# Thumb screws



## Mr Ed (3 Jun 2008)

No, not for torturing people!

Following discussions about Garrett Hacks scratch stock recently, which I plan to replicate, I am looking for a source of nice (preferably brass) thumbscrews. Does anyone have any ideas? I think M6 is about the right size, around 30mm long.

In the past I have simply used hex headed bolts, such as in my marking gauge article in F&C 135, but they are a bit clumsy looking and can get uncomfortable with prolonged use.







The best I have found so far is these; 
http://www.thesitebox.com/Category/5594 ... crews.aspx
but they are a bit crude looking and I don't really want to buy 100 of them.

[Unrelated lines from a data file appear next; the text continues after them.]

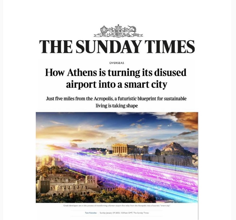 «Μόλις οχτώ χιλιόμετρα από την Ακρόπολη, ένα φουτουριστικό σχέδιο για ένα βιώσιμο τρόπο ζωής παίρνει σάρκα και οστά», αναφέρει η τελευταία έκδοση της «The Sunday Times» σε εκτενή αναφορά της για το μεγαλύτερο έργο αστικής ανάπλασης στην Ευρώπη, το Ελληνικό.
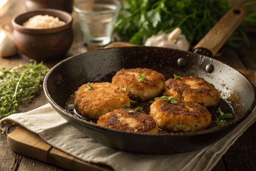 Smaż kotleciki po 3-4 minuty z każdej strony, aż uzyskają złocistobrązowy kolor. Nie przepełniaj patelni – zbyt wiele kotlecików naraz obniży temperaturę oleju, przez co staną się tłuste zamiast chrupiące.
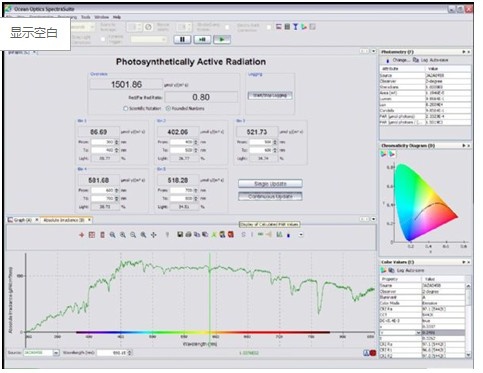 除了可計算總的PAR值,SpectraSuite-PAR允許用戶定義至多5個光譜段,每個光譜段可對應植物的某個生長期。例如定義計算400nm-480nm藍光光譜段的光合效能,與植物生長初期相對應。當然,用戶可以計算每個光譜段的光合效能比例,紅/遠紅外比例與植物生長及結構有關。
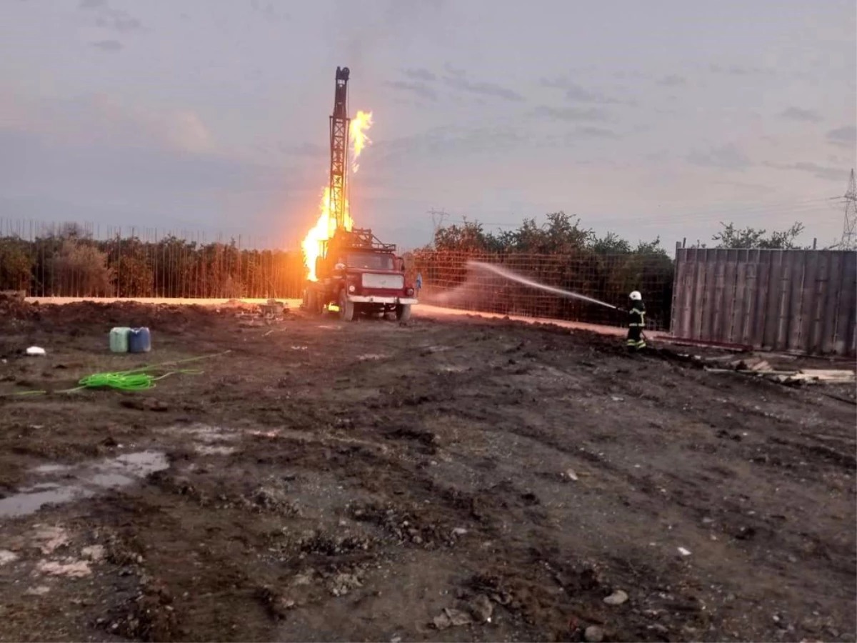 Hatay’ın Erzin ilçesinde su çıkarmak için yapılan sondaj çalışması sırasında araçta yangın çıktı.
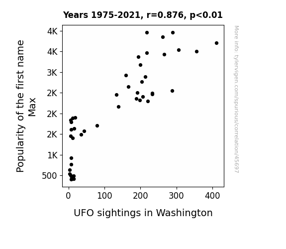 This means 76.8% of the change in the one variable (i.e., UFO sightings in Washington) is predictable based on the change in the other (i.e., Popularity of the first name Max) over the 47 years from 1975 through 2021.
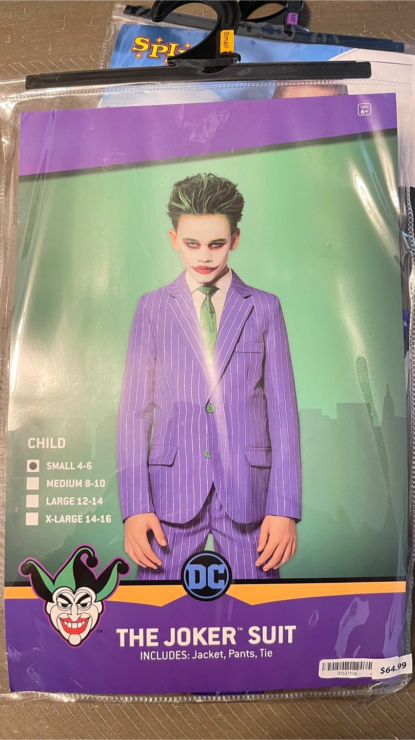 I'm selling a like brand new The Joker Suit for kids! It's a size small..The suit includes the jacket, pants, and tie. Originally bought for $64.99 Only used once last year,i think my husband still have the receipt Pick up Vancouver or Langley
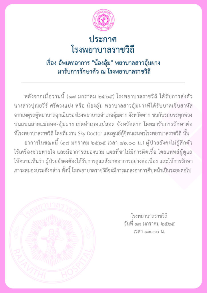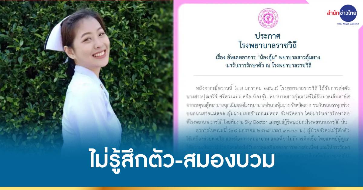 รพ.ราชวิถี 18 ม.ค.-รพ.ราชวิถี อัปเดตอาการ “น้องอุ้ม” พยาบาลสาวอุ้มผาง บาดเจ็บสาหัสจากเหตุรถฉุกเฉินชนกับรถบรรทุกพ่วงในพื้นที่ อ.แม่สอด จ.ตาก หลังรับมารักษาตัวที่โรงพยาบาล ล่าสุดยังไม่รู้สึกตัว ใช้เครื่องช่วยหายใจ และมีอาการสมองบวม
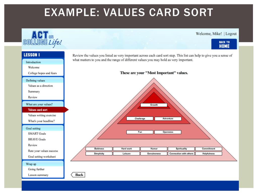 ACT-CL Lesson Content • Lesson 1: Exploring your values • Defining what values are • Clarifying and reflecting on personal values • Defining effective and values-based goals • Goal setting • Lesson 2: Dealing with barriers • Exploring internal barriers to values-based action • The problem with control strategies • Defining and practicing willingness • Linking willingness to values-based action
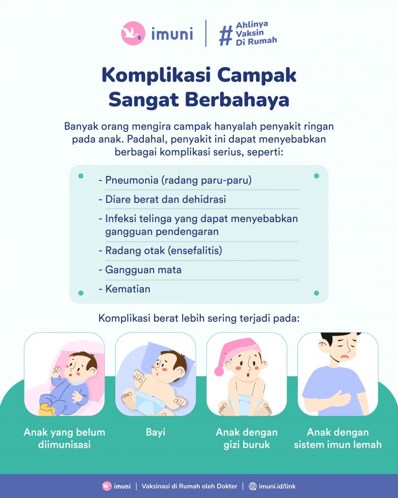 Banyak orang mengira campak hanyalah penyakit ringan pada anak. Padahal, penyakit ini dapat menyebabkan berbagai komplikasi serius, seperti:
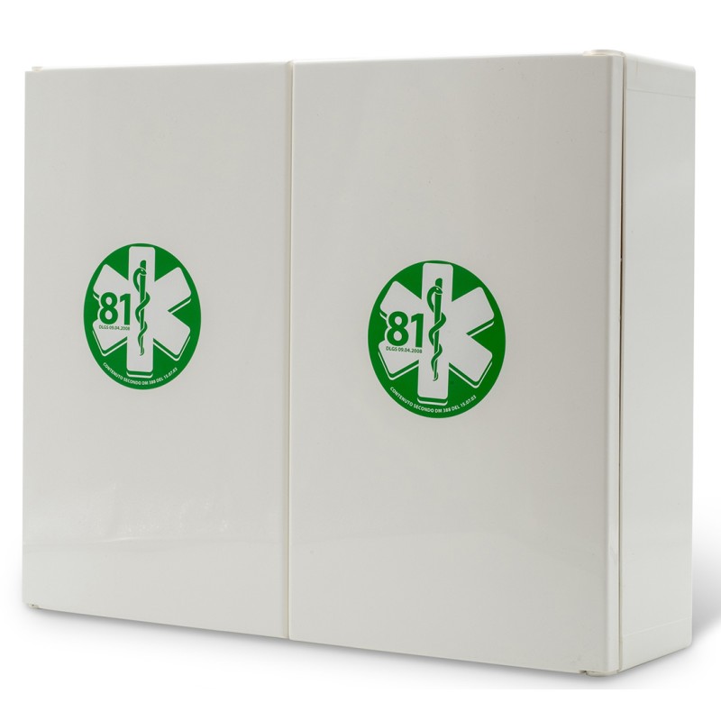 Armadietto realizzato in RC, colore bianco, 2 ante, 2 ripiani interni.
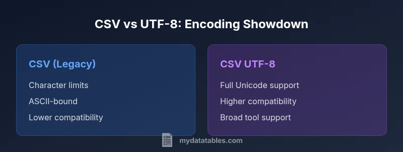 According to MyDataTables, the distinction between csv and csv utf-8 is primarily about character encoding. CSV is a simple plain text format used to store tabular data, but the meaning of the bytes behind each character depends on the encoding chosen when the file is saved. csv utf-8 signals that the file uses UTF-8 as its character encoding, which can represent virtually any character in common use today. This matters because data safety and interoperability hinge on consistent encoding across tools, environments, and locales. The MyDataTables team emphasizes that, in practice, UTF-8 reduces surprises when non‑ASCII characters appear in names, addresses, or descriptions. Understanding this baseline helps you plan data exchanges without unexpected garbling.
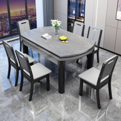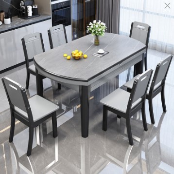 Bộ bàn ghế ăn bằng đá sang trọng tối giản hiện đại kết hợp kính thiên văn gấp với bếp từ gia đình bàn ăn gỗ nguyên khối cỡ nhỏ
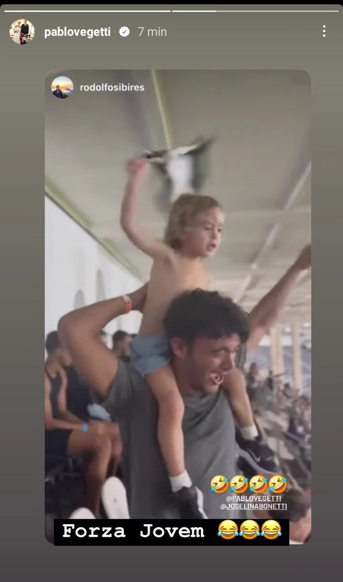 Vegetti posta vídeo do filho vibrando em São Januário e escreve: 'Forza Jovem'
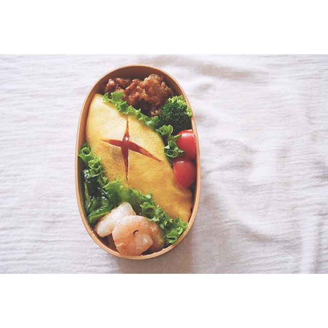 お弁当箱を斜めに使った詰め方なら、楕円形のオムライスも綺麗に仕上がりますよ。
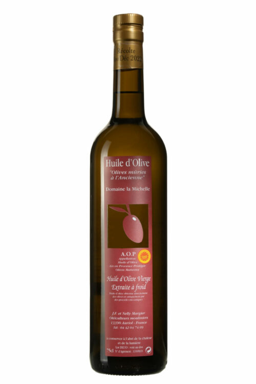Stock épuiséCette huile d’olive dite « à l’ancienne », est issue d’une fermentation contrôlée des olives après récolte. Ronde et douce, cette AOP Aix-en-Provence maturée offre par son "fruité noir", des arômes intenses de sous-bois et de cacao. Idéale pour accompagner des plats méditerranéens comme la ratatouille ou la soupe au pistou Dénomination : Huile d’olive maturée AOP Aix-en-Provence « fruité noir » Variétés d’olives : Assemblage d’au moins deux variétés d’olives Conditions particulières de conservation : à conserver à l’abri de la chaleur et de la lumière

Any suggestions gratefully received.

Cheers, Ed.


----------



## Aled Dafis (3 Jun 2008)

Ed

Great minds think alike. Following the discussions about exactly the same scratch stock, I also went trawling the net for some decent thumbscrews, and unfortunately I've also failed miserably.

My plan if it really came to it was to buy some brass bar, and turn some knurled thumbscrews on the engineering lathe at school.

Hopefully someone out there can help us.

Aled


----------



## Harbo (3 Jun 2008)

Andy on the other forum sent this message (I think he placed it here a while ago too?)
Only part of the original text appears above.